OWG decided that old whitelists on tiles should be removed, and that whitelisting should be reserved for exceptional cases. We are opening a discussion about what the appropriate policy should be, in the hope that we can get something that helps solve problems that mapping party organisers experience while still trying to keep a good level of service for all the other individual mappers.

In addition, we are opening a discussion about changes to the tile acceptable use policy which could help curb use of OSMF resources by apps and sites which, in aggregate, cause most of the load on the tile rendering machines.

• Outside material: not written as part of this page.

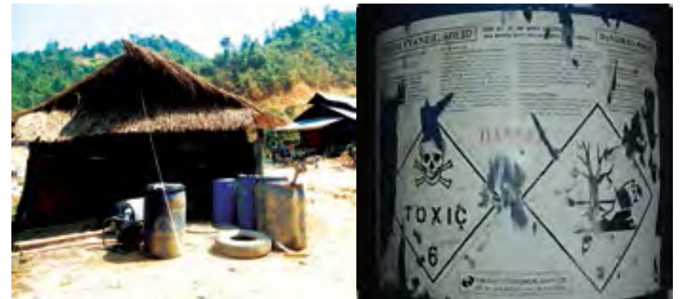
သမ်ဆေးမီး သံးယုဆ်း ကမ်မီးရှိုင်းရှို. လု. တေ, ရှမ်း ခလး သတ်း

မိုဝ်းဝမ်းထိ 08/08/2014 ဆမ်း. ဇုတ်းစမ်းစလးဝိုင်းတု, လှိုင်း, ကူးကေးမိမ်းထုမ်း. လင်းဆုတ်းတီးရှိုင်းဂမ်ဗွင်, တီးလိမ် ကွင်, ရှပ်, လတ်.၊ ဇုတ်.။ ပူ, စဂ, ဝမ်းဆုတ်း လူင်စလးတူင်တိမ်းခွမ်းပဆီးလှိုဆိုင်, ကေး. လူင်းဂူတ်, ထတ်းတူင်းတီးလိမ်လှိုင်း လှို။ ကမ်ဂူတ်, ထတ်းဆမ်း. လှို. စားတင်းသီ, ဝမ်း။ စပ်လတ်းတု, ဆွမ်းတီးလိမ် ကမ်လံးတု. တိုဝ်. တု, 300 ကေးဂေးဆမ်း. လှိုင်းတု. တိုဝ်. ၄၁၀.၅၆၆ ဂမ်းသိုဝ်းမီး 168.45 ကေးဂေးယွမ်း. ကမ် ခုတ်းစုတ်/စမ်းဆမ်း. ယဝ်.။

OWG will also follow up with mapping party organisers to find out what their experiences have been so that we make sure to solve the right problem.

Face to face meeting

OWG decided to investigate having a “face to face” meeting. It was felt that this is more productive for discussions than using an online video-conferencing system. And that by blocking off a whole weekend for the meeting, more progress could be made.

The next step for this will be to investigate possible locations (outside of the UK would be preferred) and draw up budgets as appropriate.